How to Read an Electropherogram for DNA Sequencing

An electropherogram is the graphical output that converts the chemical reactions of DNA sequencing into a visual format. This plot represents the raw data generated by automated sequencing instruments, most commonly those using capillary electrophoresis. It translates the order of fluorescently tagged DNA fragments into the corresponding sequence of nucleotide bases. This allows for manual verification of the precise genetic code determined by the software.

Understanding the Electropherogram Display

The electropherogram is a two-dimensional graph where the axes correspond to specific measurements from the sequencing process. The horizontal X-axis represents the length of the DNA fragments, related to the time they pass through the capillary. The vertical Y-axis measures the intensity of the fluorescent signal, or Relative Fluorescence Units (RFU), indicating the amount of DNA fragment detected.

Each peak visible on the graph corresponds to a single nucleotide base that passed the detector. Modern Sanger sequencing uses four different fluorescent dyes, linked to the four dideoxynucleotides (ddNTPs) that terminate the DNA chain. This system distinguishes the bases: Adenine (A) is typically green, Cytosine (C) is blue, Guanine (G) is black or yellow, and Thymine (T) is red.

The software uses the color and position of each peak to determine the sequence, displaying the corresponding letter above the peak. For a high-quality read, these peaks should be sharp, evenly spaced, and clearly resolved. The baseline represents the background noise or zero fluorescence and should remain flat and near zero for reliable results.

Interpreting Quality and Reliability Scores

Assessing the overall quality of the data is necessary before interpreting the sequence. The primary metric for this assessment is the Phred Quality Score (Q-score), a logarithmic measure of the probability that a base call is incorrect. A higher Q-score signifies a lower chance of error, providing statistical confidence for each base.

A base with a Q20 score indicates a 1 in 100 chance of being called incorrectly (99% accuracy). High-quality data often requires a Q30 score, meaning the base has a 1 in 1,000 chance of error (99.9% accuracy). These scores are displayed graphically above the sequence peaks, allowing a rapid check of the data’s trustworthiness across the read length.

Visually evaluating quality involves checking for uniform peak height and consistent spacing. The “read length” refers to the continuous stretch of sequence that maintains a high Q-score. Quality typically drops off toward the end of the trace as the signal weakens and bases become less resolved.

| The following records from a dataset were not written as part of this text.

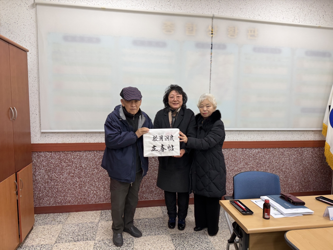 교동주민자치센터 서예교실(강사 홍수의, 반장 윤기명) 수강생은 26일 교동행정복지센터(동장 최연순)에서 입춘을 맞아 새해의 길운을 기원하는 입춘첩을 전달했다.
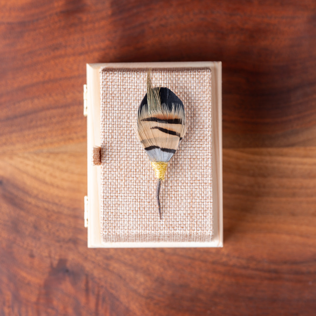 Feathers- Sustainably sourced layers of taupe, brown and blue-grey partridge feathers with navy and rust pheasant feathers.
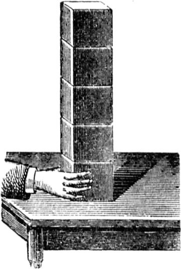 Ich will noch ein anderes Experiment machen, welches Euch darüber noch besser Aufklärung geben wird. Über diesen Zylinder ist eine Schweinsblase ausgespannt und festgebunden; ich bringe den Zylinder auf die Luftpumpe und pumpe die Luft heraus – Ihr werdet gleich den Erfolg sehen, jetzt ist die Blase flach ausgespannt; setze ich aber die Pumpe ein wenig in Bewegung – seht, wie sie einsinkt, wie sie nach unten eingedrückt wird; seht, wie sie tiefer und immer tiefer niederwärts geht, bis sie vermutlich zuletzt durch die Gewalt der darauf drückenden Luft zersprengt werden wird. [Die Blase zerspringt zuletzt mit einem lauten Knall.] Das geschah einzig und allein durch die darauf drückende Last der darüber stehenden Luft, und dieser Hergang ist ganz leicht zu verstehen. Die Luftschichten können wir uns[146] übereinander aufgestapelt denken, wie die fünf Würfel hier auf einander stehen. Nun seht Ihr doch, daß die vier oberen von diesen Würfeln von dem fünften, der auf dem Boden aufliegt, getragen werden, und wenn ich diesen wegnehme, so müssen die oberen heruntersinken. Gerade so ist’s auch bei der atmosphärischen Luft. Die oberen Luftschichten werden von den untersten getragen, ruhen auf ihr, und wenn diese untere Luftschicht weggepumpt wird, so müssen eben Wirkungen eintreten, wie Ihr sie an meiner auf den Recipienten gefesselten Hand und am Zersprengen der Blase gesehen habt, und wie Ihr sie jetzt noch besser beobachten sollt. Über dieses Gefäß hier habe ich eine Gummihaut gespannt und werde nun die Luft herauspumpen. An diesem Gummi, der also eine Scheidewand zwischen der untern Luftschicht und der obern bildet, könnt Ihr den Druck sehr deutlich beobachten. Jetzt kann ich schon die ganze Hand in das Gefäß hineinlegen. Und dieses Resultat wird einzig bewirkt durch den gewaltigen Druck der oberen Luftschichten. Wie schön zeigen sich da diese wunderbaren Verhältnisse!

Step-by-Step Sequence Interpretation

Translating the visual peaks into the DNA sequence begins with identifying the base call line generated by the sequencing software. This line of letters represents the computer’s best guess for the sequence. Manual review is necessary to confirm accuracy, especially at positions of interest, starting with homozygous bases.

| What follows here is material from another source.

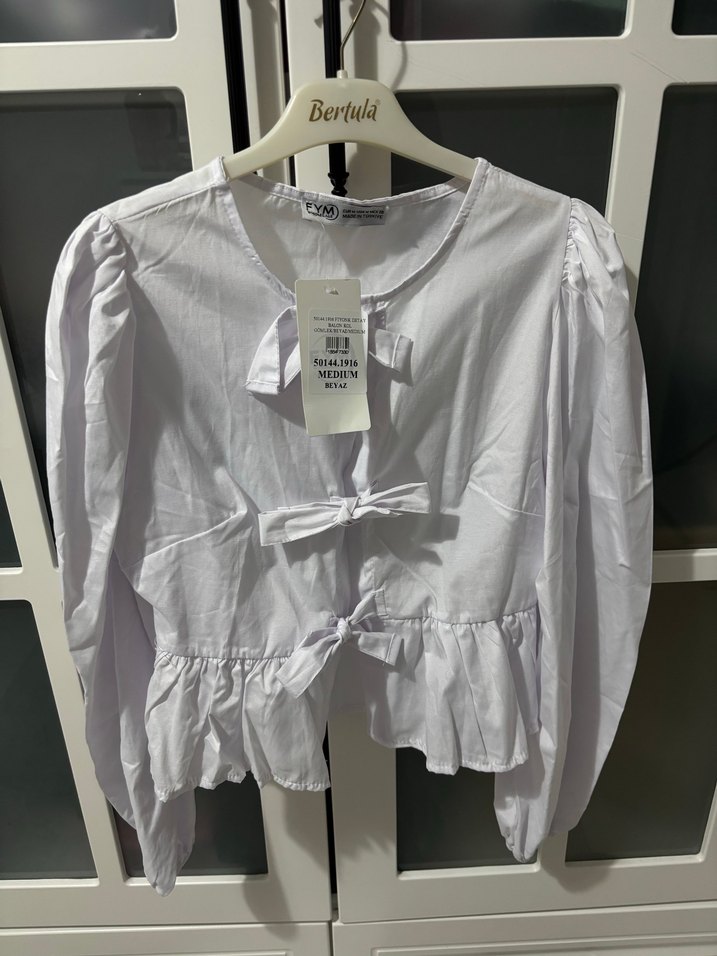Beyaz keten kumaştan, uzun kollu, yuvarlak yakalı, düğmeli ve bol kesim mini kadın gömlek. Sokak tarzı için uygun, Bertula markalı.

A sequence position is homozygous when the peak is sharp, well-separated, and only one color signal is present. The height of this single peak is typically greater because all DNA fragments contributing to the signal are the same length. The base caller assigns the corresponding nucleotide letter (A, T, C, or G) to this dominant peak.

Identifying heterozygous bases requires recognizing two superimposed peaks at the same position. This indicates the individual carries two different nucleotides at that location. These two peaks will be different colors and should ideally show a 50/50 ratio in their heights. If the ratio deviates significantly, it may suggest a sequencing issue requiring careful inspection.

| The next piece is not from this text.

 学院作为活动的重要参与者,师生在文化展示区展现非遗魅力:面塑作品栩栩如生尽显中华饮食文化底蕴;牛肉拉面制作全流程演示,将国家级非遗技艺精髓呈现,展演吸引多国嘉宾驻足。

Recognizing Common Sequencing Artifacts

Several common visual anomalies, or artifacts, can interfere with accurate sequence interpretation and should be recognized as technical noise. One frequent artifact is the “dye blob,” a large, broad peak often occurring early in the trace (around the first 50 to 100 base pairs). Dye blobs are caused by unincorporated fluorescent dye molecules that co-migrate with shorter DNA fragments but do not correspond to a specific base call.

A noisy background, characterized by small, multi-colored peaks cluttering the baseline, can cause the software to assign an ‘N’ to the sequence. This ‘N’ indicates an unresolved base because the true signal is too weak or the background is too high for a confident call. A persistently noisy trace suggests a problem with the sample quality or the sequencing reaction.

Baseline drift is an artifact where the entire baseline gradually rises or falls across the trace length. This makes it difficult to assess true peak height and uniformity due to inconsistent software scaling. Recognizing these artifacts alerts the reader to regions that may need to be disregarded or re-sequenced for reliable results.